Growth in advances to the services sector decelerated to 8.9 per cent from 23.9 per cent in January 2019.

Bank loan growth to non-banking financial companies (NBFCs) slowed to 32.2 per cent in the reporting month from a growth of 48.3 per cent a year-ago.

During the month, personal loans segment grew by 16.9 per cent.

Within personal loans, credit to housing segment grew by 17.5 per cent from 18.4 per cent, while education loan showed a negative growth of 3.1 per cent as against a negative growth of 2.3 per cent in January 2019, RBI data showed.

Advances growth to agriculture and allied activities contracted to 6.5 per cent from 7.6 per cent rise last year.

Credit growth to industry decelerated to 2.5 per cent from 5.2 per cent.

Within industry, loan growth to paper and paper products, rubber plastic and their products and construction accelerated.

“However, credit growth to textile, food processing, chemical & chemical products, basic metal & metal products, all engineering and infrastructure decelerated,” RBI said.

According to the latest quarterly statistics on deposits and credit of banks, bank loan growth decelerated to 7.4 per cent in the October-December, 2019 from 12.9 per cent the year-ago quarter.

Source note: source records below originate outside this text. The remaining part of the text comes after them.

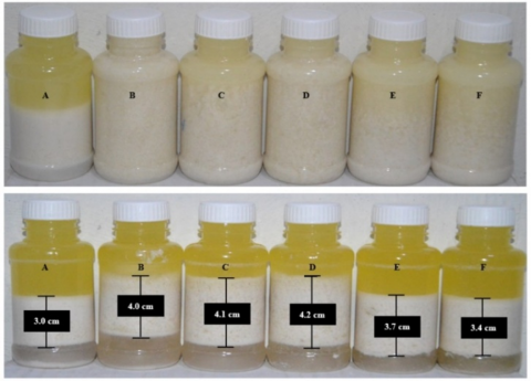 Creaming index (%) $=\frac{\mathrm{H}_1}{\mathrm{H}_0} \times 100$ (2)
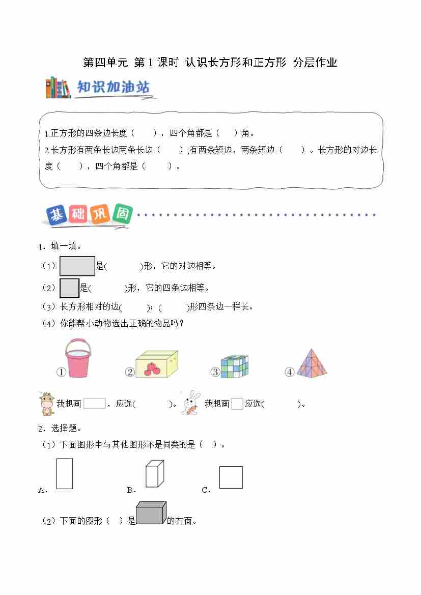第四单元 第1课时 认识长方形和正方形(分层作业)数学冀教版二年级上册(新授课)
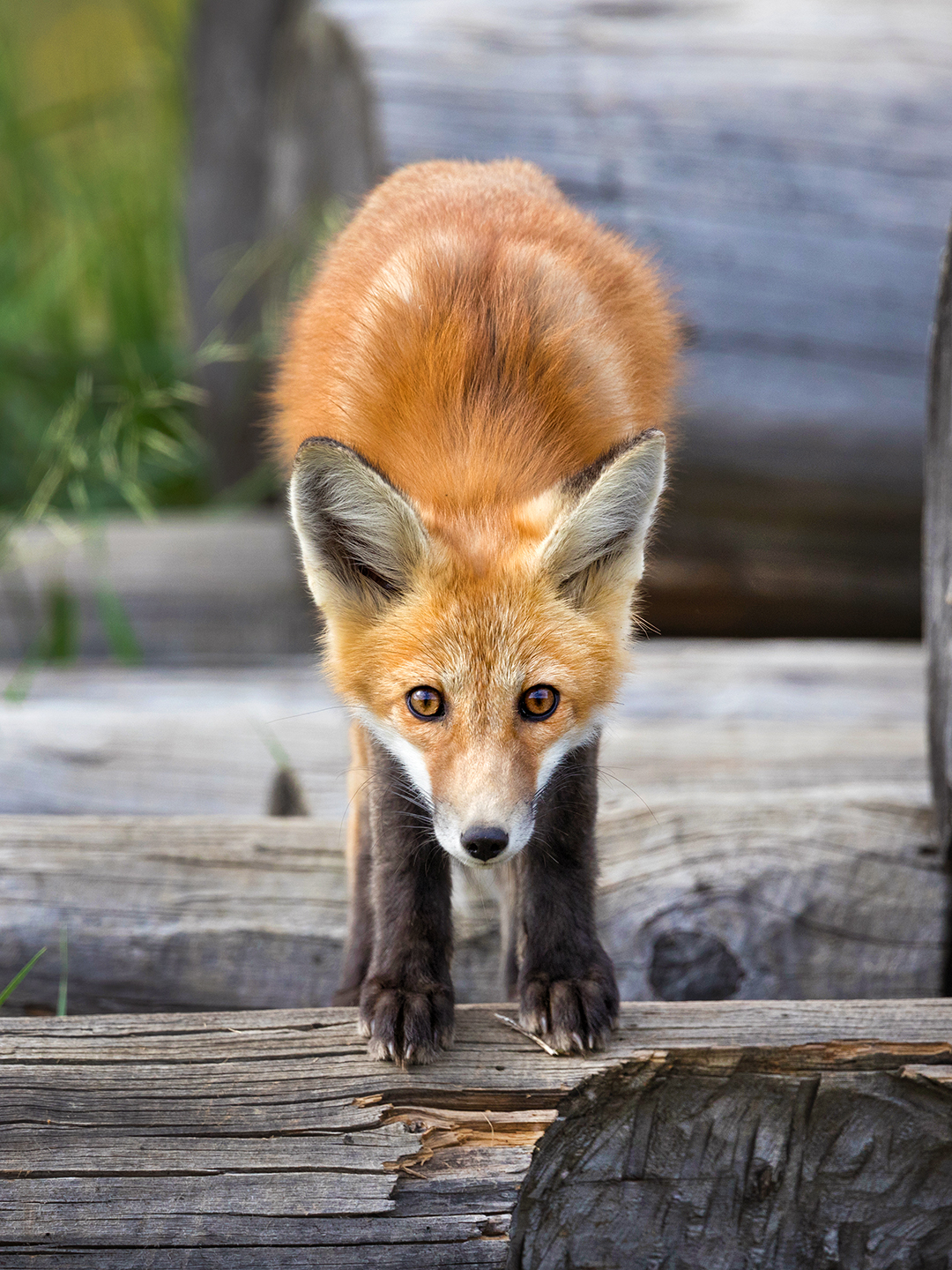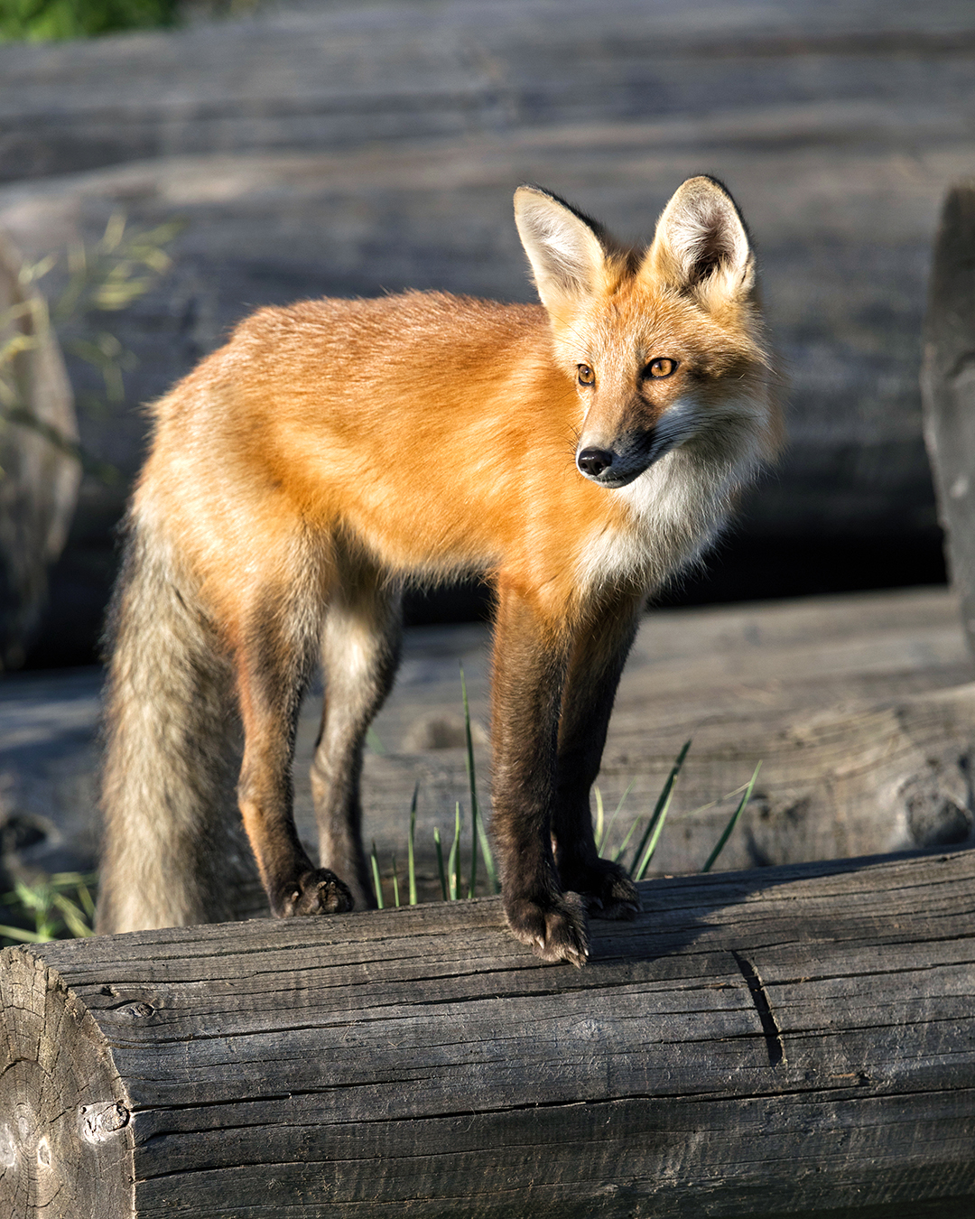 I started my search on Facebook, oddly enough.  The manager of my apartment building told me about a widely-used Facebook group for Livingston residents, so I put up a post asking if anyone knew of local wildlife spots they’d be willing share.  A few people were kind enough to respond, and one of the tips was especially promising – a fox den just 10 minutes away.  I drove over early the next morning and right there, only about 30 feet from the road, were a couple of young red foxes walking on top of an old log pile.

During the quarter, loans by public sector banks grew by 3.7 per cent while credit from private sector banks saw a growth of 13.1 per cent.

In the fortnight ended February 14, 2020, bank credit grew by 6.3 per cent to Rs 100.41 lakh crore, from Rs 94.403 lakh crore in the year-ago fortnight.

Deposits grew by 9.2 per cent to Rs 132.35 lakh crore in the fortnight compared to Rs 121.19 lakh crore, the RBI data showed.

In February, the Reserve Bank Governor Shaktikanta Das had said that slowing credit growth is the biggest challenge the banking industry is facing.

“The most critical challenge today for banks, not just in India but also elsewhere, is slowing credit off-take. It affects the profitability of banks,” Das said a media event.

Rating agency Crisil, in a recent note, said credit growth is likely to be around 6 per cent in this fiscal but is expected to accelerate to 8-9 per cent in FY21.

“Prolonged slowdown in bank lending may be bottoming out this fiscal, with gross credit off-take set to rise 8-9 per cent on-year in FY21, a good 200-300 basis points (bps) over the likely growth of near 6 per cent this fiscal,” Crisil said.

This uptick in loan growth would be driven by a gradual pick-up in economic activity, continuing demand for retail loans, and strong growth in lending by private sector banks, it said.

The country’s GDP grew at 4.7 per cent in the December quarter, its slowest rate in more than six years.